For additional context, we should consider why the previous head of LAHSA left in mid-2022. In her resignation letter, Heidi Marston noted the pay discrepancy between the Authority’s top managers and the people doing the work on the ground. Marston unilaterally increased the salaries of LAHSA’s lowest-paid employees from $33,000 to $50,000, pointing out some employees were at risk of losing their own housing. Rather than supporting her initiative, LAHSA senior managers and some Board members accused her of “undermining” the Authority’s bargaining process. Apparently, they’ve found a much more compliant chief in Adams Kellum.
Of course, compensation is only one dimension of a position’s value. The most highly-paid position may be worth the cost if it contributes actual value. Again, we must add context. LAHSA’s managerial, performance, and financial problems go back to its creation in 1993. As I described in a previous column, it’s never had a clearly-defined mission, occupying a gray zone between the City, County, and state and federal funding sources. It was created to provide centralized funding for homelessness programs, but is also LA County’s designated Continuum of Care agency, which should grant it some authority for how homelessness programs operate. But neither the City nor County have been willing to delegate such authority. The County Auditor defines LAHSA as a “pass-through” agency, primarily meant to distribute funding to other local governments and providers. But it describes itself as the leading agency in creating a unified regional response, something it was never intended nor designed to do. Every time it takes on a new task or creates a new program, it adds more staff and management, with no corollary improvement in performance.

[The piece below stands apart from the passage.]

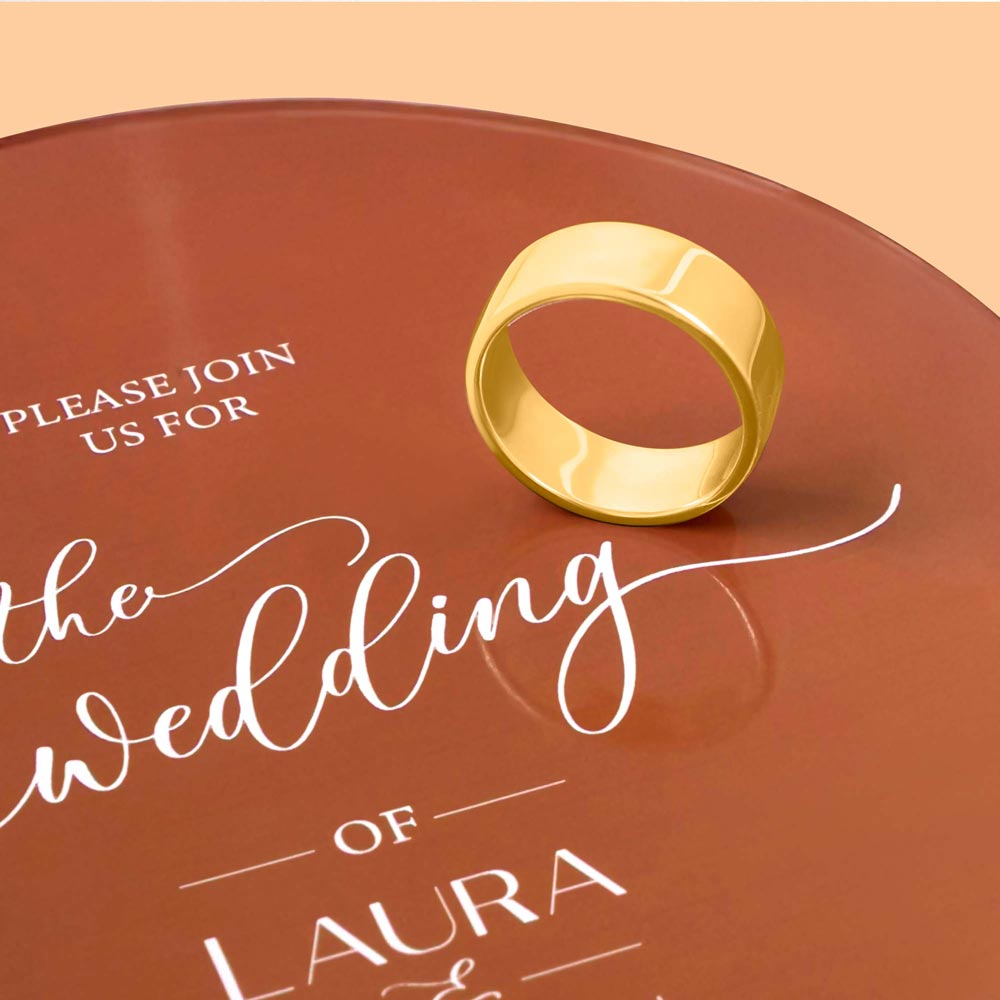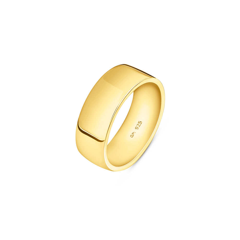 This 8 mm gold-plated wedding band for men blends timeless elegance with modern simplicity, honouring your love story in a refined minimalist style. Crafted from 925 sterling silver with a gold-plated finish, this men’s wedding ring fits comfortably on the wedding finger. More than just a wedding band, this chunky gold-plated ring serves as a daily reminder of your commitment.

Like living organisms, organizations tend to adopt behaviors to sustain themselves and adapt to their environments to grow. Poor coordination between the City and County created a gap in services LAHSA was ostensibly intended to fill, but it was never given the authority to do so. Its been allowed to redefine its role with little oversight. In addition, the City and County, as the members of the Joint Powers Authority that created it, have expressed little interest in its operations other than to ensure the regular flow of money. LAHSA’s own Board of Commissioners is heavily weighted towards Housing First advocacy groups, and lacks members experienced in program performance or organizational efficiency. There is simply nobody willing or able to question the need for more highly-paid executives or programs with ill-defined goals.
As I’ve written several times, the only remedy to L.A.’s homelessness program problems is a fundamental restructuring of City, County and LAHSA’s relationships, combined with leadership’s advocacy for more flexible programs. But as long as the revenue continues flowing, there will be more executives making more money, at the expense of people stranded on our streets.
(Tim Campbell is a resident of Westchester who spent a career in the public service and managed a municipal performance audit program. He focuses on outcomes instead of process.)